Microstrip antenna with stripline and amplifier

Abstract

A high frequency amplifier is mounted in the immediate vicinity of a feeder of a microstrip antenna. A microstrip antenna includes a dielectric member and a grounded conductor member which is applied thereto. A second dielectric member is disposed on the side of the grounded conductor member which faces away from the dielectric member, and the high frequency amplifier is mounted on the surface of the second dielectric member which faces away from the grounded conductor member, and is connected to the feeder of the microstrip antenna. A transmission distance between the feeder and the high frequency amplifier, which represents an initial amplifier stage, is greatly reduced, thus drastically reducing disturbances caused by external noises and improving the noise figure of a receiving equipment.

Description

BACKGROUND OF THE INVENTION

The invention relates to an antenna device including a microstrip antenna.

A microstrip antenna comprises a dielectric member, a conductor member mounted on the dielectric member, and a ground conductor member mounted on the opposite surface of the dielectric member from the conductor member, and represents an antenna which utilizes a radiation loss of an open plane resonance circuit. Attention is now being directed to such microstrip antenna due to its low profile, reduced weight, compactness and ease of manufacture.

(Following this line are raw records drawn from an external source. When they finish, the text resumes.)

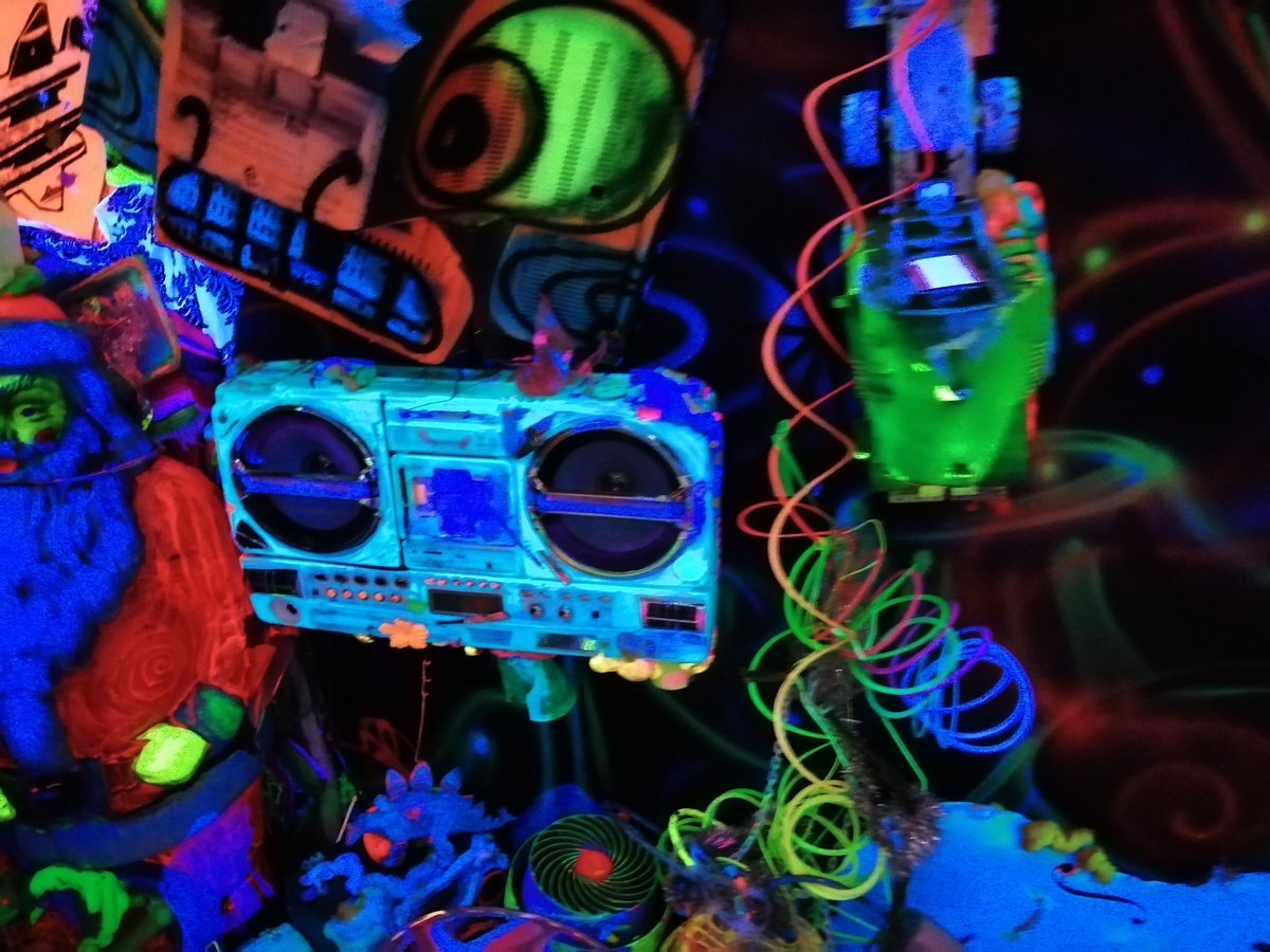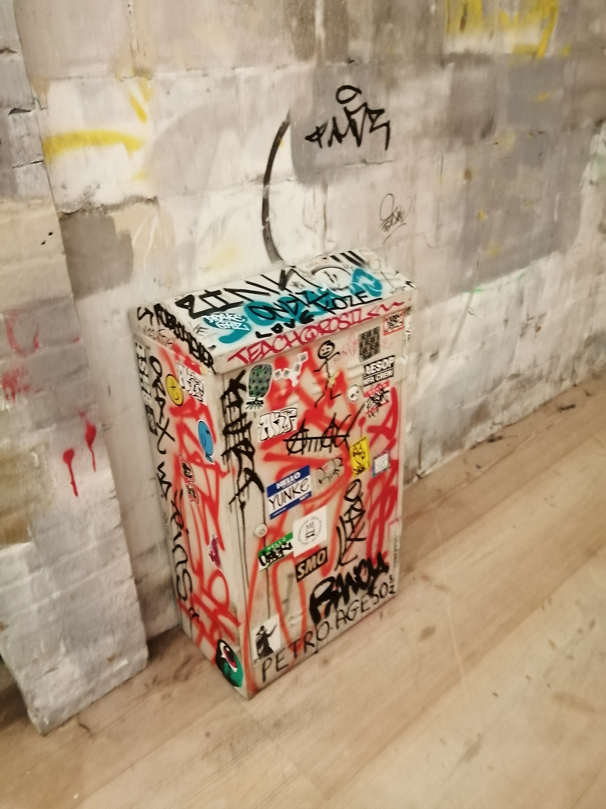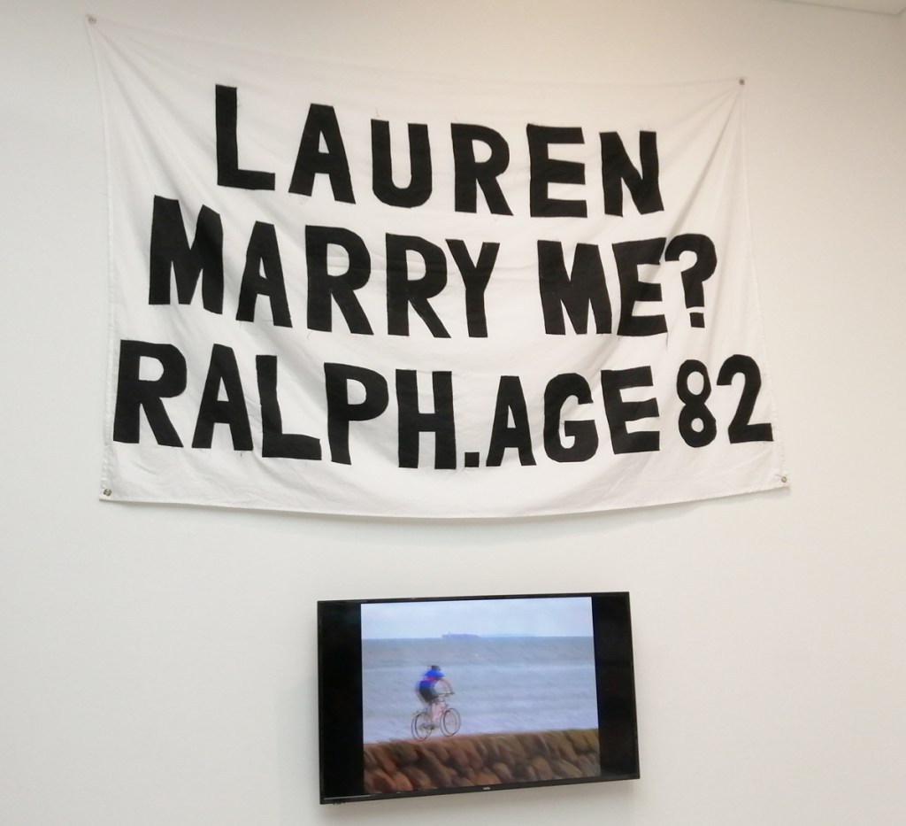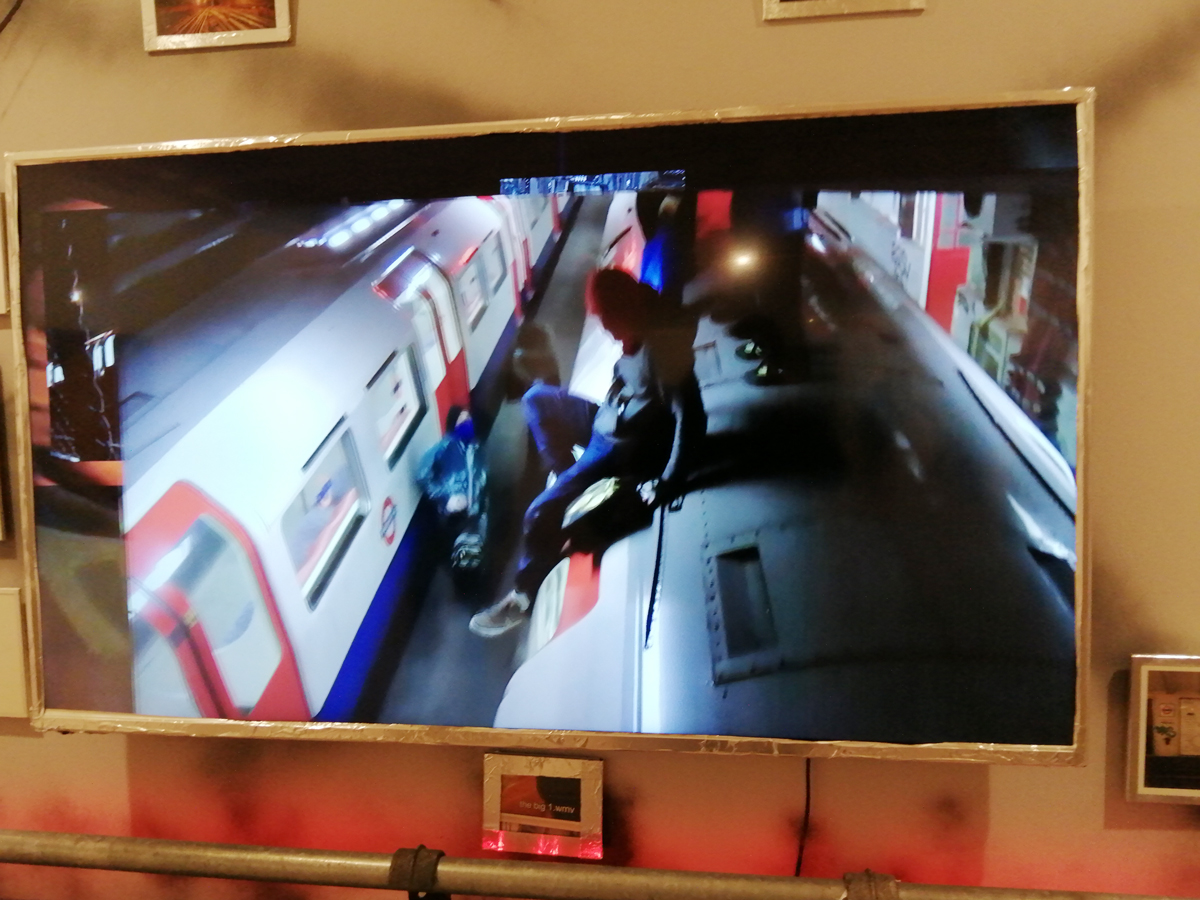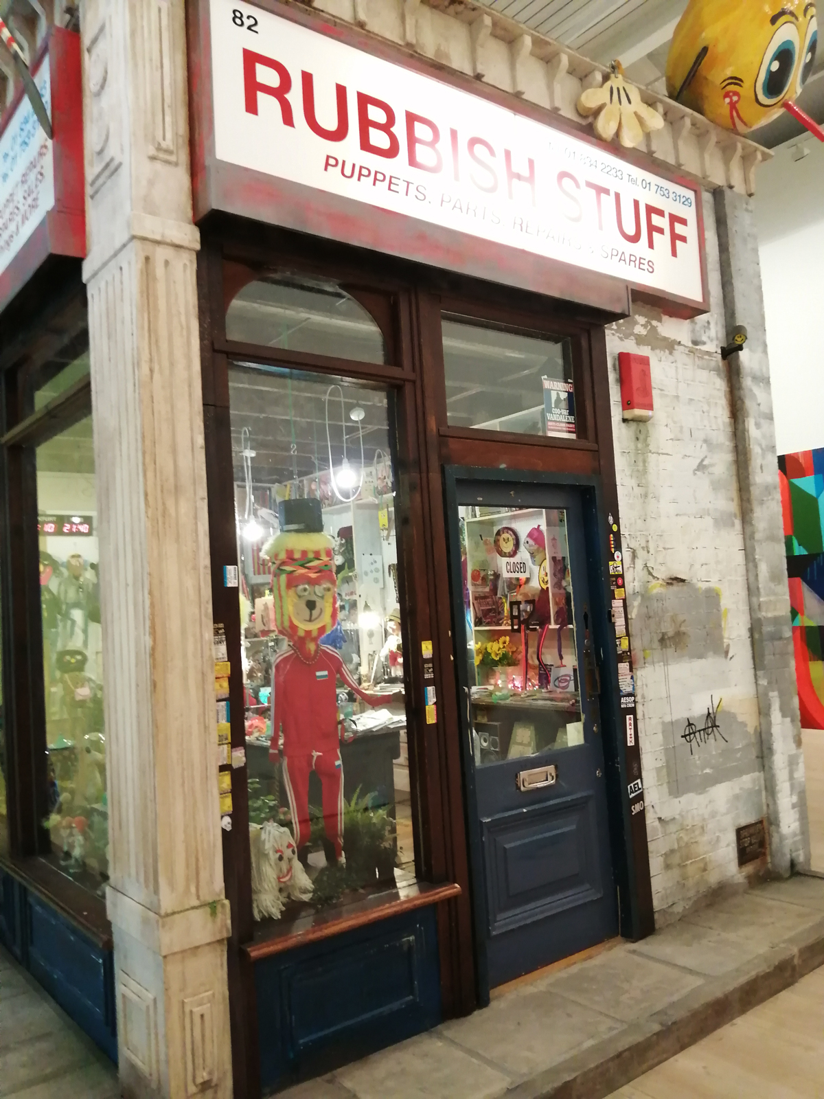 There’s a lot of history here, “the history of self-expression” is a good way of putting it, lots of good stuff, lots of good art, lots of good pieces and posters and cassette tapes, ephemera, bits of cultural treasure, damn good to see early 80’s Covent Garden up there. Covent Garden was important, Alternative Arts and getting there early enough to sign on the list of dancers, crews, or in the case of half of us Organgrinders, Robot teams. Yep, we’re old bastards now, long in the broken tooth, good to see a screen up there showing videos of the dance and writing culture of early 80’s Covent Garden, it was a big big part of the London scene at the time, as was the Capital Hip Hop Jam that the GLC put on down on the Southbank back there (was it raining? Don’t think it was? The trees were certainly full of people trying to find a vantage point), good to see a small poster for the jam on the wall of that record shop installation (should have asked us, we’ve still got the ghetto blaster with all the stickers on it from that day). That record shop installation piece is rather good as well, damn pleased to see a Gunshot record in there, not sure about Skid Row though? Was mid 80’s hair metal ever part of it? And that’s the thing you see, you can go through this and for every “good to see that in here”, there’s a bit of “why is that there?” or a “but where is so and so or thingy?” There’s a Taki 183 tag reproduced, didn’t see a Samo anywhere though… Good to see that Newtrament 12″, last time we saw him he was homeless and living in a tent on a Hackney street, not that long ago actually, hope he’s okay, disappeared when Covid hit us all…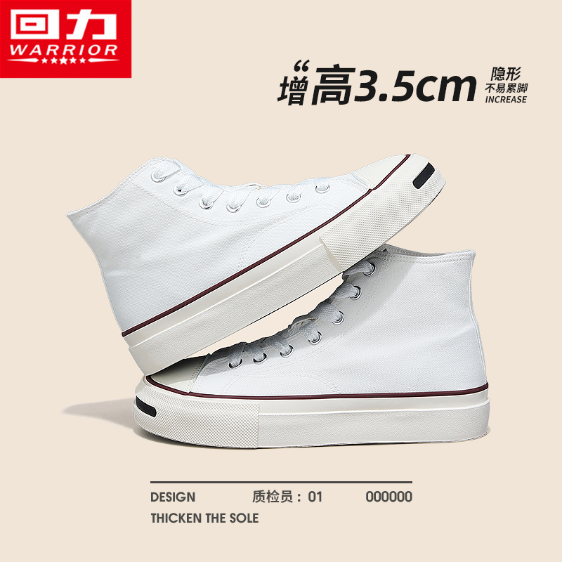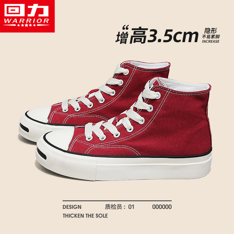 情侣厚底帆布轻便板鞋 透气运动学生休闲布鞋 秋季 回力红色高帮女鞋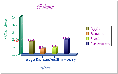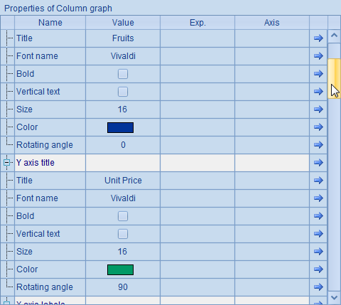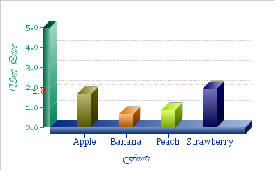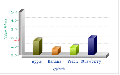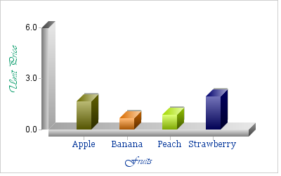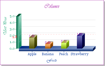 先来看一下横轴和纵轴的标题文字设定,现在修改A3中的代码为=A1.plot("GraphColumn", "categories": A2.(NAME),"values":A2.(UNITPRICE),"xTitle":"Fruits","xTitleFont":"Vivaldi", "xTitleSize":16,"xTitleColor":-16764007,"yTitle":"Unit Price","yTitleFont":"Vivaldi","yTitleSize":16, "yTitleColor":-16737946,"yTitleAngle":90),即修改柱形图的绘图参数如下:

FIG. 3 illustrates one form of conventional microstrip antenna device. As shown, the device comprises a dielectric plate 110, one surface of which is applied with a radiating conductor sheet 120 formed by a copper foil while the opposite surface is applied with a ground conductor sheet 130 again formed by a copper foil. The device includes a feeder 121 in which a small hole 111 is formed extending through the dielectric plate 110, conductor sheet 120 and ground sheet 130. A connector 140, or more precisely, an external conductor associated therewith, is soldered to the ground sheet 130, and an internal conductor or core of the connector 140 is connected to a gold plated wire 141 which is soldered to the feeder portion of the radiating conductor sheet 120. The hole 111 is filled with an insulating material, not shown, thereby insulating the wire 141 from the ground sheet 130. The connector 140 is connected with a coaxial cable 150 which is in turn connected to a high frequency amplifier of a receiver unit.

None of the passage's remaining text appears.